This arises from the proof of Stochastic (Online) Gradient Descent (SGD) convergence in L.Bottou 'Online Learning and Stochastic Approximations (1998).
In it, he shows that the continuous stochastic process $X_t$ s.t. $D_t = X_t - X_{t-1}$ such that $$ \mathbf{E}[D_t|F_t] < C_1 C_2 \alpha^2_t \ \ \ \ \ \ \ \ \ (1) $$ is convergent because $$ \sum_{t=1}^{\infty} \mathbf{E}[D_t|F_t] < C_1 C_2\sum_t\alpha^2_t< \infty $$ $\alpha_t$ is the learning rate, $X_t$ is the loss function in a neural network/MLP framework, i.e. $$ 0<X_t \overset{a.s.}{\to_t} X^{\infty}< \infty \ \ \ \text{(Equation 4.30)} $$ Which is then used to prove that the gradient of the loss function $\nabla X_t \overset{a.s.}{\to_t} 0$ (Equations 5.16-5.21), i.e. the algorithm converges to the local minimum.

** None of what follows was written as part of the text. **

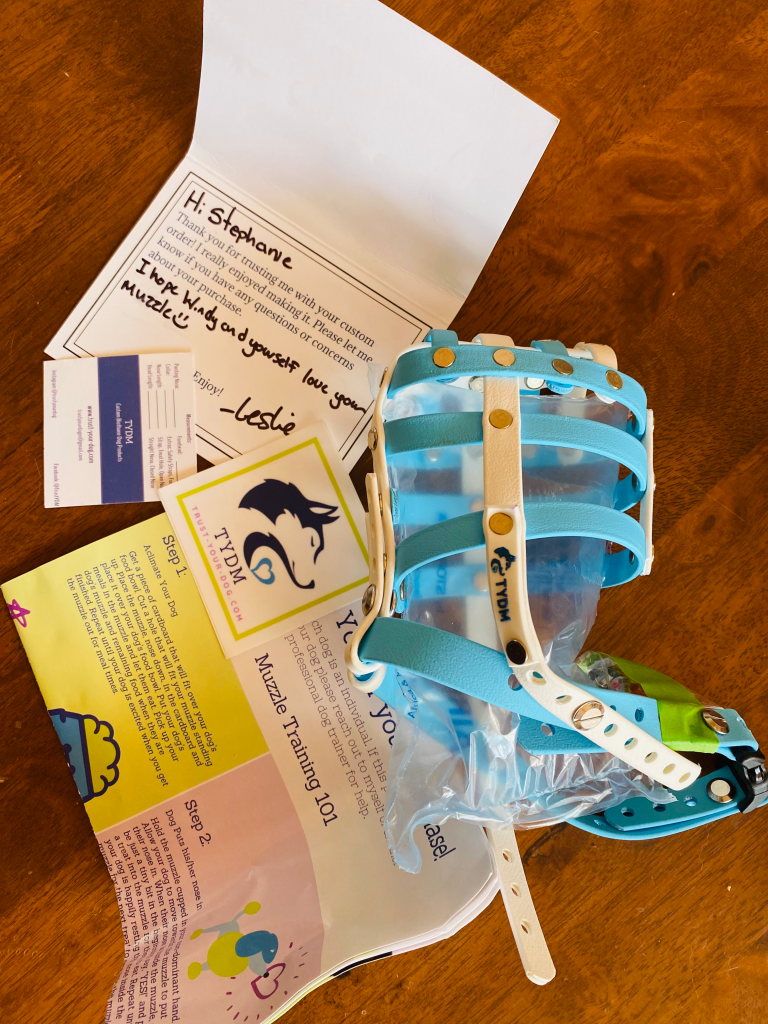 Last but definitely not least is Windy’s Trust Your Dog custom muzzle, something I’ve been eagerly waiting for a long time! She’s been snarfing poop and all kinds of nasty things during our walks since going on a diet, so I felt it was time to invest in one.

My question is: what if we replace (1), for example, with
$$
\mathbf{E}[X_{t+1}-X_{t}|\mathcal{F}_t] \sim N(0,1)
$$
Will the convergence of $\nabla X_t$ still hold? What I understand is that
$$
\sum_{t=1}^{T}\mathbf{E}[X_{t+1}-X_{t}|\mathcal{F}_t] = 0
$$
since we do not need to worry about the conditions of Fubini-Tonelli theorem, the sum of infinite expectation is still $0$. If it is, then by the same argument as in the paper, $X_t \overset{a.s.}{\to_t} X^{\infty} < \infty$ and $\nabla X_t \overset{a.s.}{\to}0$. Is this reasoning correct?